Expected rank of a random binary matrix?
Solution 1:
The rank of a random $n$ by $n$ matrix with entries in ${\Bbb F}_2$ which are independently chosen and equally likely to be $0$ or $1$ is analyzed in Kolchin's book Random Graphs in $\S 3.2$. He concludes that the probability that the rank of a random $n$ by $n$ matrix is $n-s$ equals
$$
P_{n,s}:=2^{-s^2}\left( \prod_{0\le i\le n-s-1} (1-2^{-(n-i)}) \right)\left(\sum_{0\le i_1\le \cdots \le i_s \le n-s} 2^{-i_1-\cdots-i_s}\right). \ \ (*)
$$
This is obtained by building up the matrix row by row. If, after a given number of rows, the space spanned by these rows has dimension $k$, then the next row increases the rank with probability $1-2^{-(n-k)}$, and leaves it unchanged with probability $2^{-(n-k)}$. Assuming that the rank of the full matrix is $n-s$, there must be $n-s$ rows which increase the rank and $s$ which leave it unchanged. Which rows leave it unchanged can be specified by giving the partial ranks of the matrix at the times when these rows are added. If these ranks, in nondecreasing order, are $n-s-i_s$, $n-s-i_{s-1}$, $\dots$, $n-s-i_1$ ($0\le i_1\le\cdots\le i_s\le n-s$), then the probability of getting a rank $n-s$ matrix in this way can be written as the product
\begin{eqnarray*}
&&(1-2^{-n})(1-2^{-(n-1)})\cdots(1-2^{-(i_s+s+1)})2^{-(i_s+s)}\\
&&(1-2^{-(i_s+s)})(1-2^{-(i_s+s-1)})\cdots(1-2^{-(i_{s-1}+s+1)})2^{-(i_{s-1}+s)}\\
&&\vdots\\
&&(1-2^{-(i_2+s)})(1-2^{-(i_2+s-1)})\cdots(1-2^{-(i_1+s+1)})2^{-(i_1+s)}\\
&&(1-2^{-(i_1+s)})(1-2^{-(i_1+s-1)})\cdots(1-2^{-(s+1)}).
\end{eqnarray*}
Simplifying the product and summing over $i_1$, $\dots$, $i_s$ yields $(*)$.

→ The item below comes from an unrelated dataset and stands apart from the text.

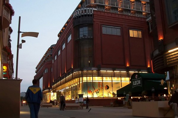 Fantastyczna imitacja kamienicy: za szklaną ścianą, wspartą na wymyślnej metalowo-linowej konstrukcji, jest kolejna ściana, ''udająca'' niezwykłą, białą kamienicę (za tą ścianą jest część ''Starego Browaru'')
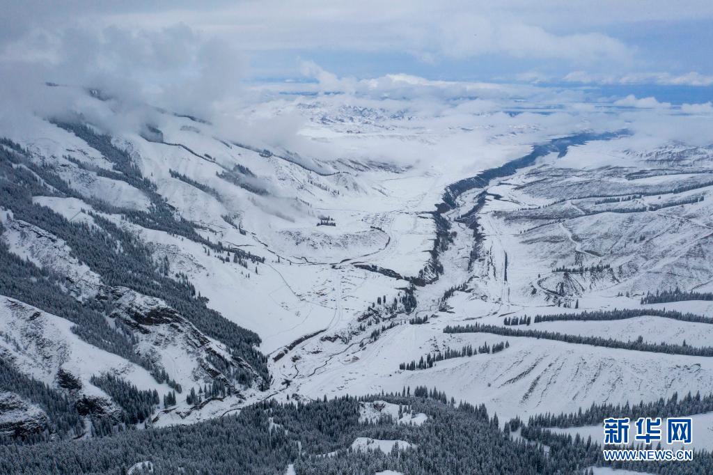 當(dāng)日,一場(chǎng)春雪過(guò)后,新疆沙灣市南部的天山山脈一片銀裝素裹。蒼山覆雪、云霧繚繞,如同一幅幅水墨畫(huà)般動(dòng)人。

If $s=0$, this is easy to see: the $j$th row must always increase the rank from $j-1$ to $j$, which it does with probability $1-2^{-(n-(j-1))}$, so the probability that the matrix is of full rank is
$$
P_{n,0}=\prod_{1\le k\le n} (1-2^{-k}).
$$
For fixed $s$, as $n$ becomes large, $P_{n,s}$ approaches the limiting value
$$
Q_s:=2^{-s^2} \left( \prod_{i\ge s+1} (1-2^{-i}) \right)\left(\prod_{1\le i\le s} (1-2^{-i})^{-1}\right).
$$
Numerically,
\begin{eqnarray*}
Q_0&\approx&0.2887880950866, \qquad \text{(OEIS A048651)}\\
Q_1&\approx&0.5775761901732,\\
Q_2&\approx&0.1283502644829,\\
Q_3&\approx&0.0052387863054,\\
Q_4&\approx&4.656698938156\cdot 10^{-5},\\
Q_5&\approx&9.691360953499\cdot 10^{-8},\\
Q_6&\approx&4.883527817334\cdot 10^{-11},\\
& & \text{and so on}:
\end{eqnarray*}
the random matrix is very likely to have rank only slightly less than $n$. The expected value of the rank of the matrix will equal $n-\sum_{0\le s\le n} s P_{n,s}$. As $n$ becomes large, this approaches $n-\eta$, where
$$
\eta:=\sum_{s\ge 0} s Q_s\approx0.850179830874.
$$
If the matrix is over $\Bbb Q$ instead of over ${\Bbb F}_2$, still with entries which are independently chosen and equally likely to be $0$ or $1$, then, when $n$ becomes large, the probability that the matrix has full rank approaches $1$. Bourgain, Vu, and Wood 2009 estimates it as at least $1-(2^{-1/2}+o(1))^n$. (The estimate is stated for random matrices with entries in $\{\pm 1\}$, but it can be transferred to matrices with entries in $\{0,1\}$.) Therefore, as $n$ becomes large, the expected rank approaches $n$. The number of singular rational matrices with a given size and entries in $\{0,1\}$ is OEIS A046747.